Brief:
Print the data exactly as written, line for line, and leave its pictures behind.

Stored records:

────────────────────────────────────────

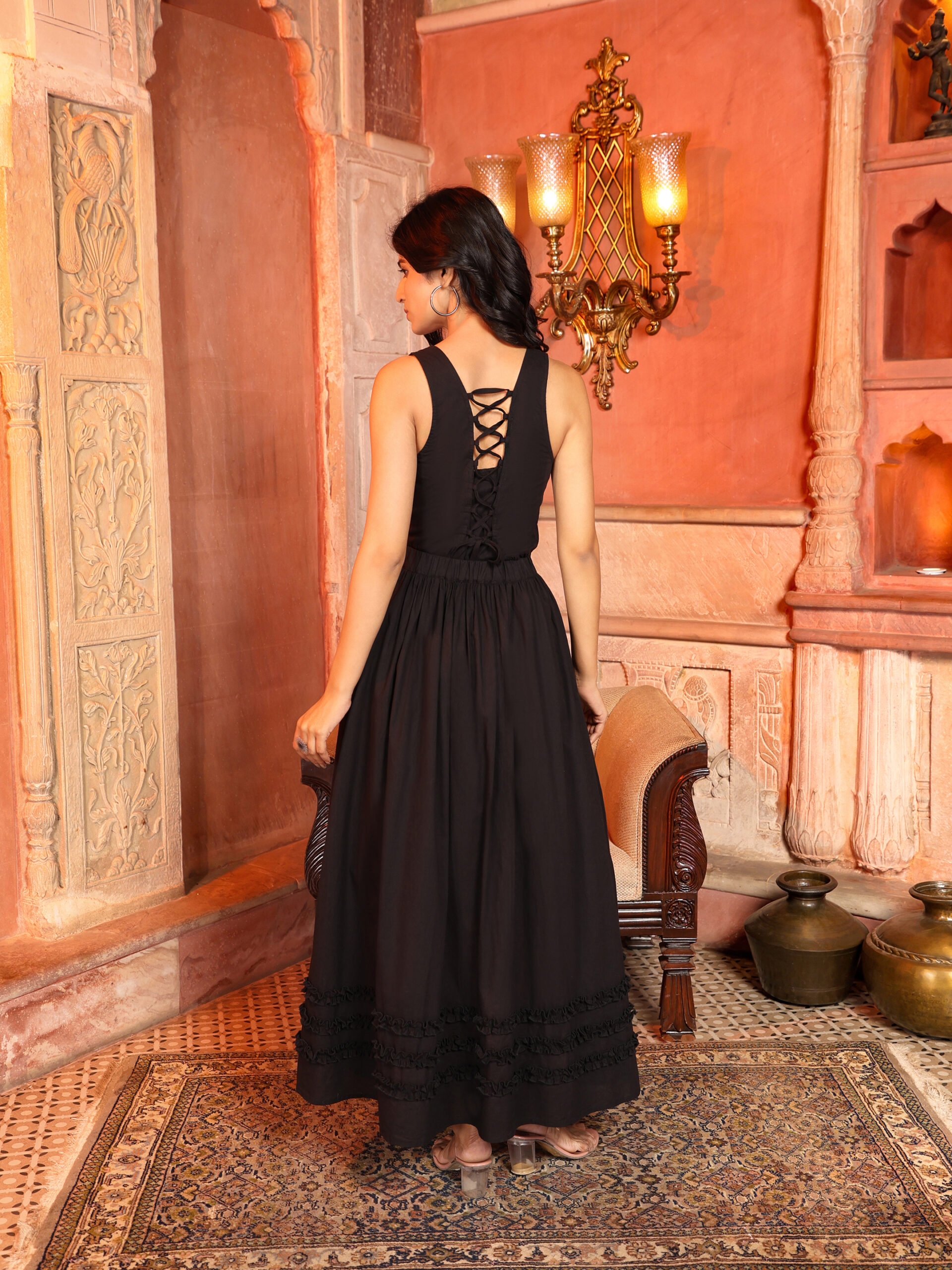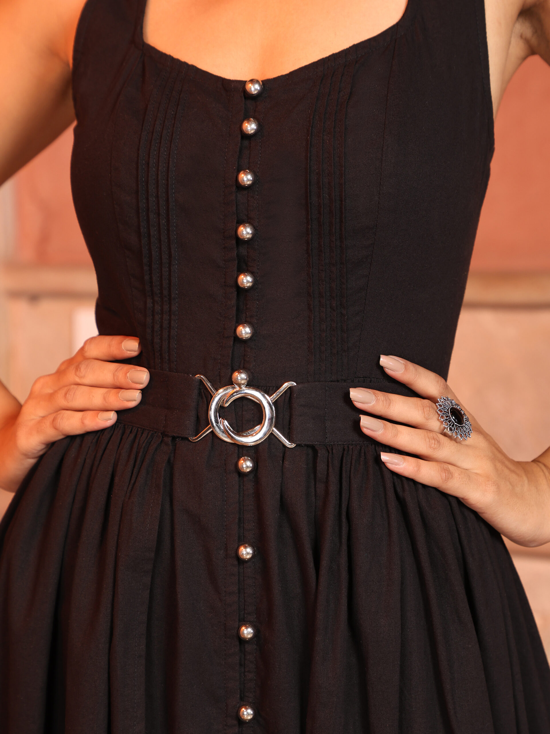 The Aquamarine double flared dress is designed to make everyday dressing effortless yet impactful. Featuring a clean round neckline and sleeveless design, the dress offers a flattering double-flared silhouette that moves beautifully with every step.
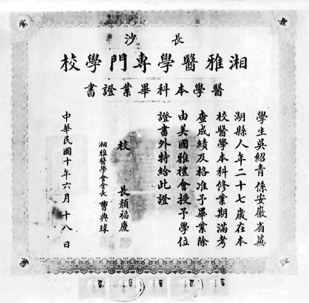 吴绍青的湘雅医学专门学校毕业证书
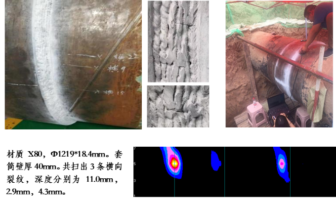 長輸油氣管道B型套筒角焊縫經(jīng)常出現(xiàn)延遲裂紋,但由于角焊縫結(jié)構(gòu)復(fù)雜,超聲和射線無法檢測,磁粉和滲透無法測量裂紋的深度。FGI技術(shù)可以節(jié)省打磨涂層的成本和時(shí)間,還可以測量 裂紋的深度和長度信息,為長輸管道的安全評(píng)估提供有效依據(jù)。
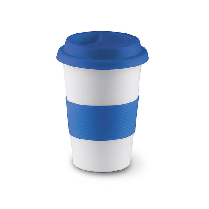 Nachhaltiger 350ml Becher mit Silikongriff und -deckel. Hergestellt aus 100% biologisch abbaubarem, pflanzlichem Material (PLA). BPA frei und spülmaschinenfest. PMS color 1: Cool Grey 9, PMS color 2: White PMS color 1: 200, PMS color 2: White PMS color 1: 7461, PMS color 2: White PMS color 1: 388, PMS color 2: White PMS color 1: 363, PMS color 2: White PMS color 1: 152, PMS color 2: White PMS color 1: 234, PMS color 2: White
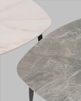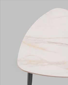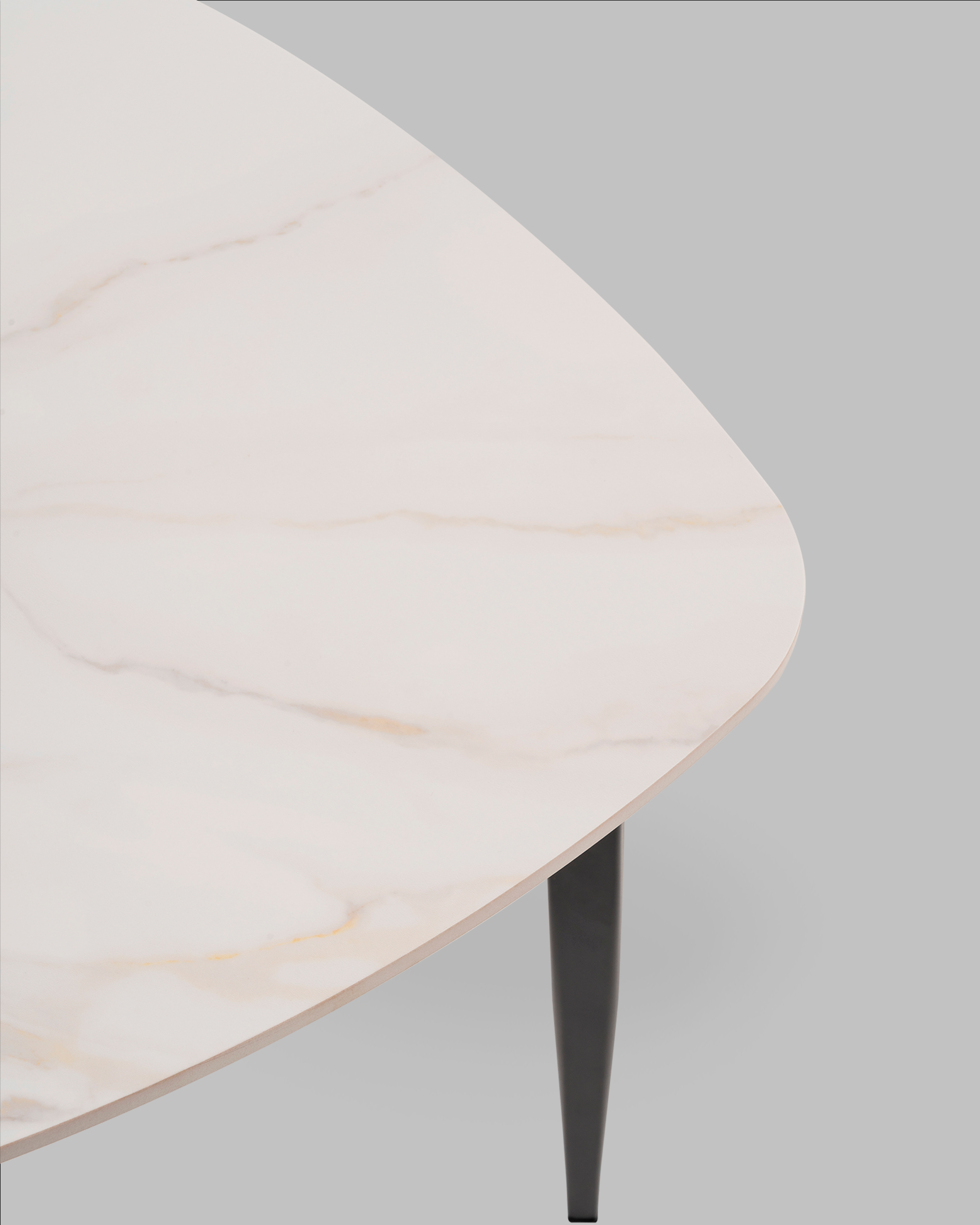 Столешница выполнена из керамики в благородном светлом оттенке с имитацией мраморной текстуры. Это не только визуально привлекательное решение, но и практичное: керамика устойчива к царапинам, высокой температуре и легко очищается. Ножки из металла обеспечивают надёжность и долгий срок службы изделия.
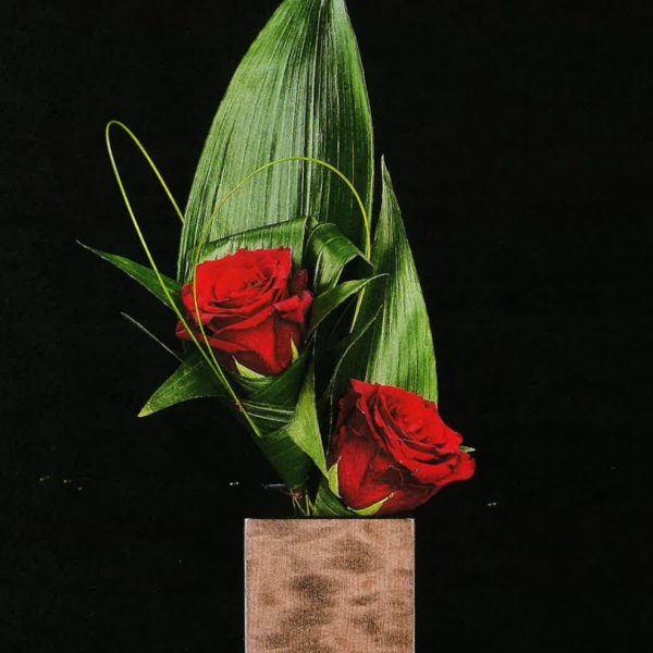 Composizione con rose rosse e aspidistra lavorata su vaso in legno laccato "SATIN WOOD"
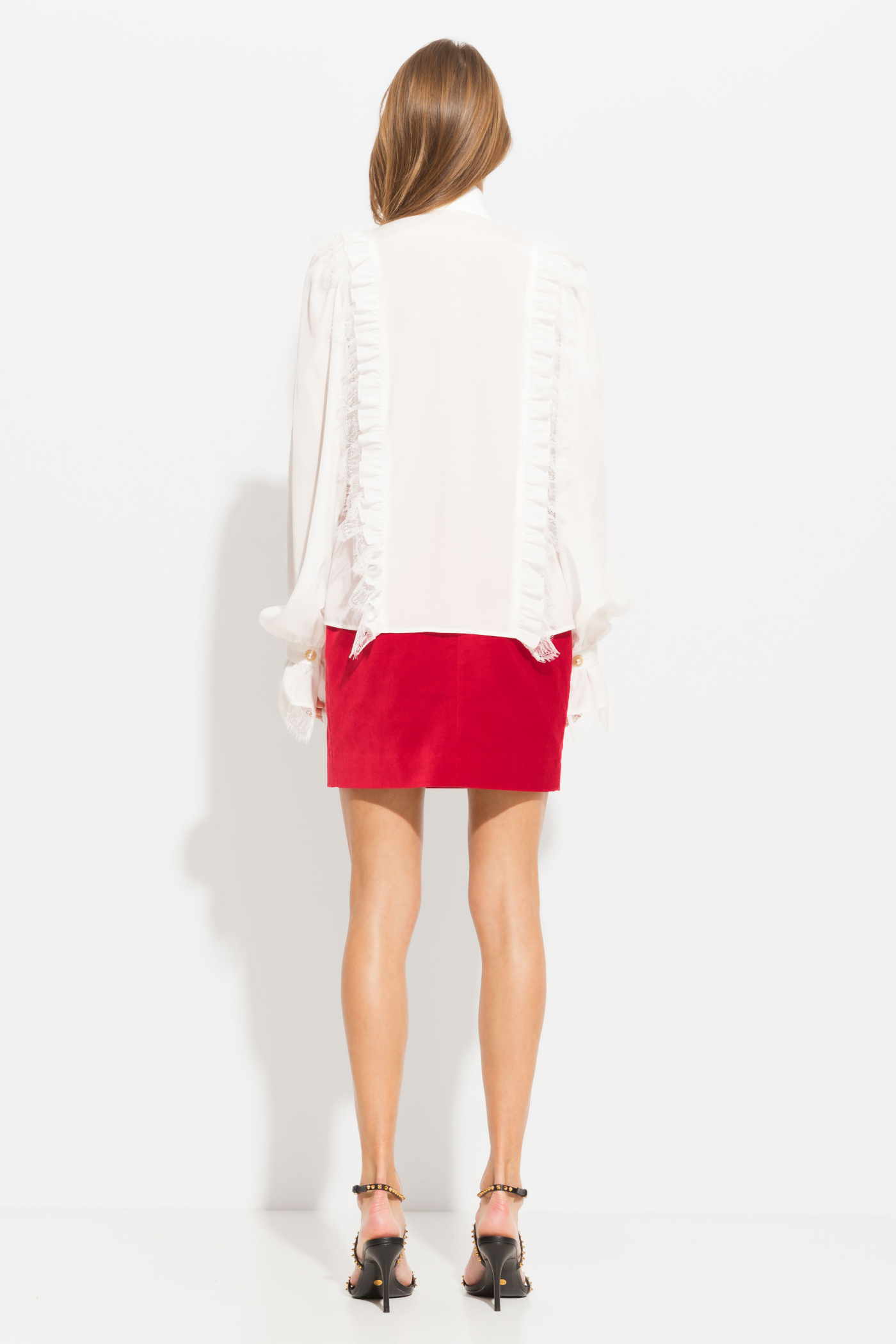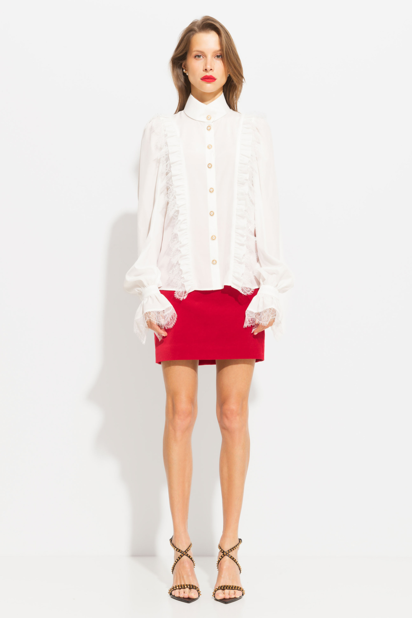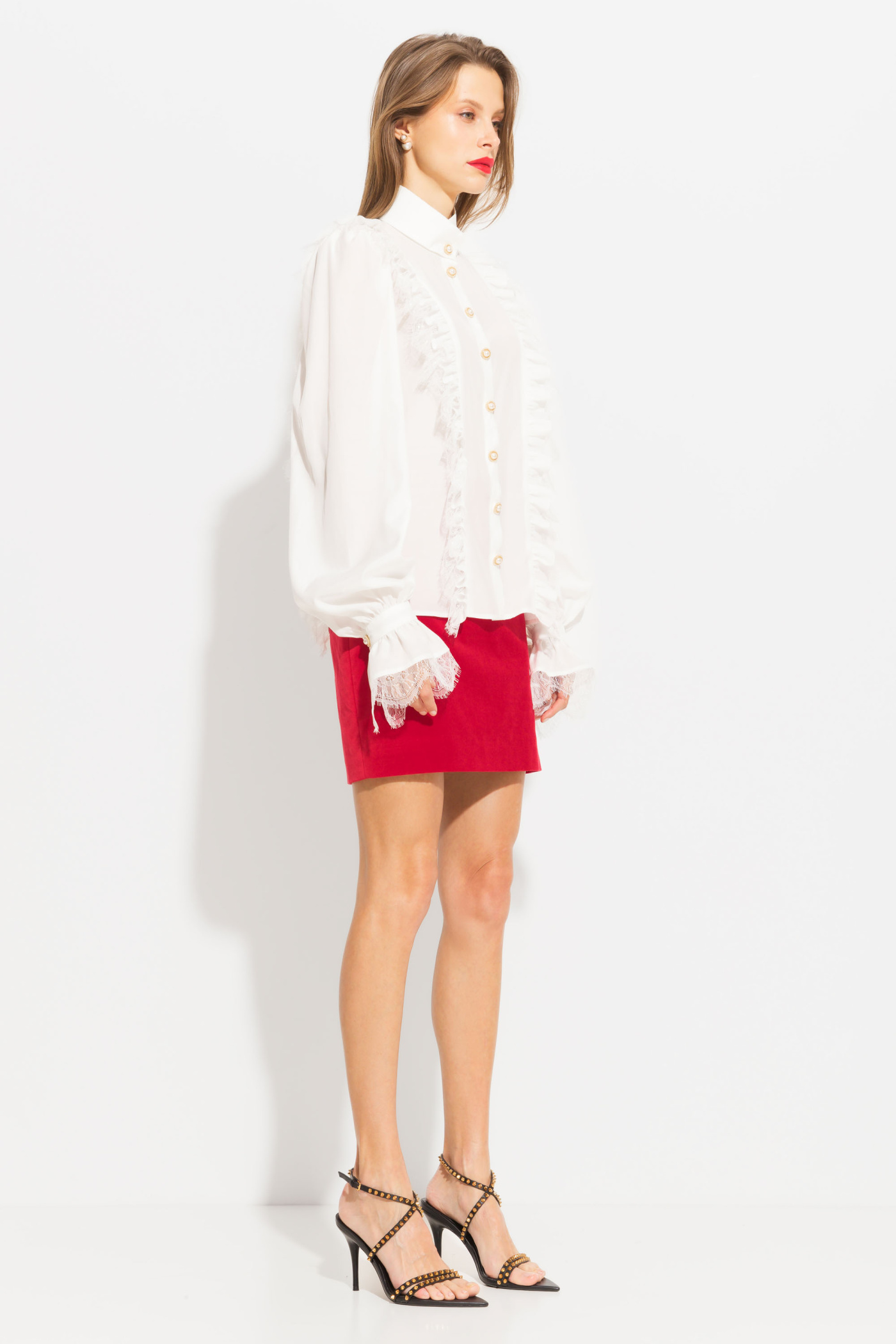 Блузка из струящейся ткани, длиной до середины линии бедер. Воротник-стойка. Пышные рукава с широкими манжетами, декорированными кружевом. Перед блузы дополнен воланами и кружевом из аналогичной ткани. Застегивается на акцентные жемчужные пуговицы контрастного цвета. Эффектная, классическая модель.
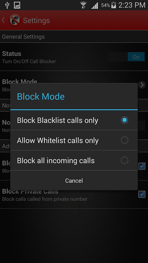 - Only allow incoming calls for numbers that are exist in the Whitelist, other numbers will be blocked.

────────────────────────────────────────

Result:
 The Aquamarine double flared dress is designed to make everyday dressing effortless yet impactful. Featuring a clean round neckline and sleeveless design, the dress offers a flattering double-flared silhouette that moves beautifully with every step.
 吴绍青的湘雅医学专门学校毕业证书
 長輸油氣管道B型套筒角焊縫經(jīng)常出現(xiàn)延遲裂紋,但由于角焊縫結(jié)構(gòu)復(fù)雜,超聲和射線無法檢測,磁粉和滲透無法測量裂紋的深度。FGI技術(shù)可以節(jié)省打磨涂層的成本和時(shí)間,還可以測量 裂紋的深度和長度信息,為長輸管道的安全評(píng)估提供有效依據(jù)。
 Nachhaltiger 350ml Becher mit Silikongriff und -deckel. Hergestellt aus 100% biologisch abbaubarem, pflanzlichem Material (PLA). BPA frei und spülmaschinenfest. PMS color 1: Cool Grey 9, PMS color 2: White PMS color 1: 200, PMS color 2: White PMS color 1: 7461, PMS color 2: White PMS color 1: 388, PMS color 2: White PMS color 1: 363, PMS color 2: White PMS color 1: 152, PMS color 2: White PMS color 1: 234, PMS color 2: White
 Столешница выполнена из керамики в благородном светлом оттенке с имитацией мраморной текстуры. Это не только визуально привлекательное решение, но и практичное: керамика устойчива к царапинам, высокой температуре и легко очищается. Ножки из металла обеспечивают надёжность и долгий срок службы изделия.
 Composizione con rose rosse e aspidistra lavorata su vaso in legno laccato "SATIN WOOD"
 Блузка из струящейся ткани, длиной до середины линии бедер. Воротник-стойка. Пышные рукава с широкими манжетами, декорированными кружевом. Перед блузы дополнен воланами и кружевом из аналогичной ткани. Застегивается на акцентные жемчужные пуговицы контрастного цвета. Эффектная, классическая модель.
 - Only allow incoming calls for numbers that are exist in the Whitelist, other numbers will be blocked.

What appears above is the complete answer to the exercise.